SOUL SPACE 20TH ANNIVERSARY RETREAT SPEAKERS
Order of photos: Marilyn Gehant, Farrah Qazi, Hanna Minks, Pat Nisenholz, Syeda Khan, Dilnaz Waraich, Ikbal Koseli, Abigail Backer
Keynote Speaker Representing Soul Space Interfaith Women’s Group: Marilyn Gehant
Marilyn Gehant is the founder of SoulSpace Interfaith. She developed the concept of gathering “women of the book” at the end of her Masters work in Spirituality at Loyola University. Soul Space grew organically from a location on Sheridan Road which opened the week before 9/11 to a shared space with retreats in synagogues, churches and mosques throughout the Chicago metropolitan area. After gathering writers and artists in a Creative Circle, she invited submissions to Reflections, our current web page on-line journal. In the spring of 2014, she handed over the directorship of SoulSpace to the able leadership of Kismet Saglam.

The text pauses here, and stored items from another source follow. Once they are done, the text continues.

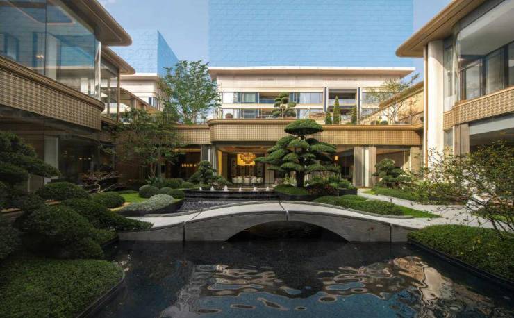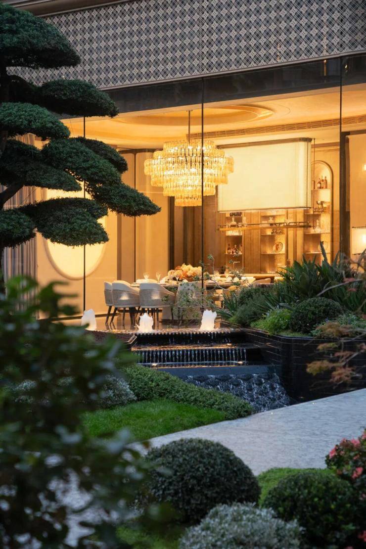 下沉式庭院,对标京都安缦的打造理念,将园林景观与室内空间呼应,形成隐于林间的奢华度假感。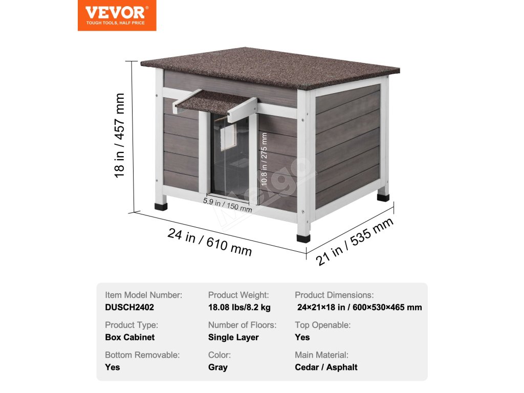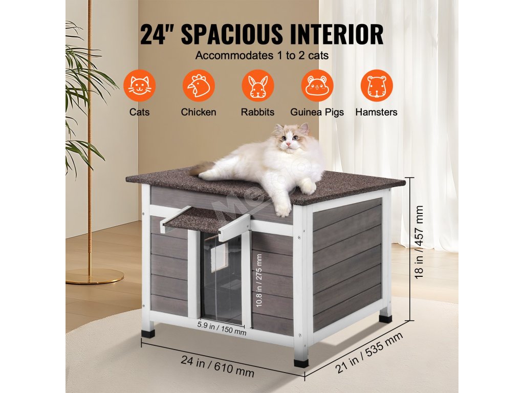 Vonkajší domček pre mačky z dreva s oknom pvc dvierkami 24"×21"×18"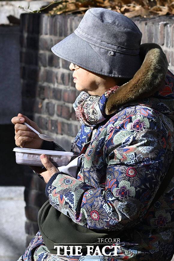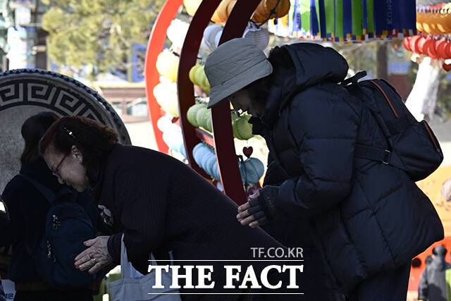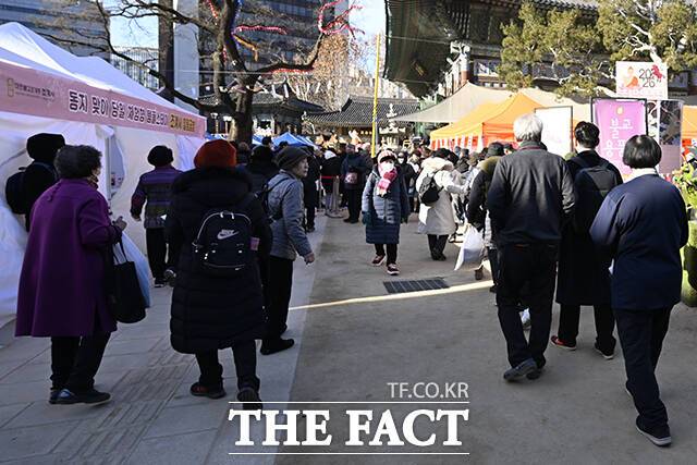 [더팩트ㅣ송호영 기자] 연중 밤이 가장 길고 낮이 가장 짧은 '동지'인 22일 오전 서울 종로구 조계사를 찾은 방문객들이 팥죽 교환권을 받고 있다.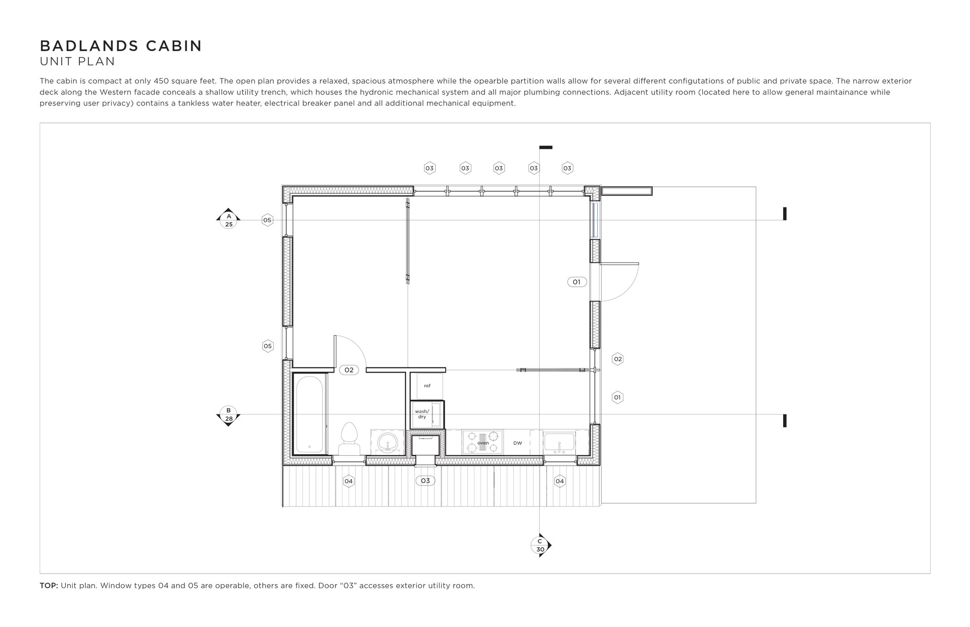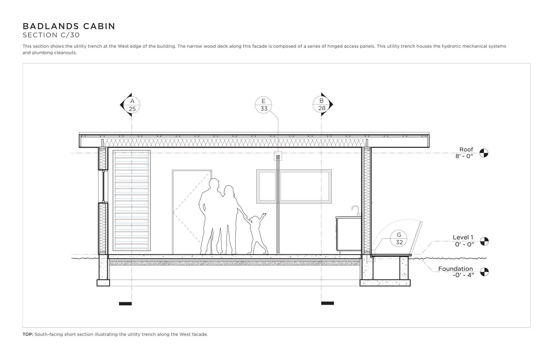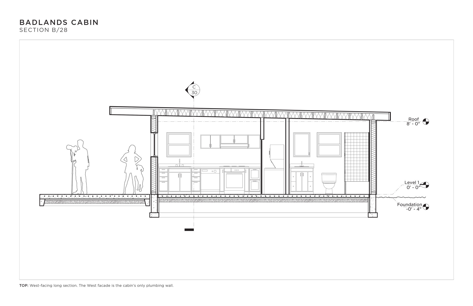 I designed this cabin for an area of the Mojave desert known as The Devil’s Playground. There is no water, there is no shade, sandstorms are frequent, the days are hot and the nights are freezing. This cabin makes light of this forbidding climate using operable ventilation louvres, sunshading devices, and a two-way passive solar hydronic subfloor system that both heats and cools year-round.

Marilyn’s commitment to interfaith grew from the 80’s when she directed the then Evanston Ecumenical Action Council, an organization of churches and synagogues. On numerous occasions, she sought out dialogue with faith-filled women and men across traditions. In the early development of SoulSpace, she is grateful for the encourage-ment of Frances Belmonte, Sr. Mary Alice Zander, Sr. Mary Stuart, and Scott Alexander; Jewish Rabbis Andrea London, Karyn Kedar, Herman Schalmann, and Marilyn Price; and in the Muslim tradition, Mary Ali, Laleh Bakhtiar, Ingrid Mattson, and Aminah McCloud.
A certified Spiritual Director in the Catholic tradition, Marilyn sees spiritual seekers, individually and in groups. She is a member of Spiritual Directors International and has served as trainer and supervisor of new directors at North Park Seminary in Chicago and at Villa Maria del Mar in Santa Cruz, California.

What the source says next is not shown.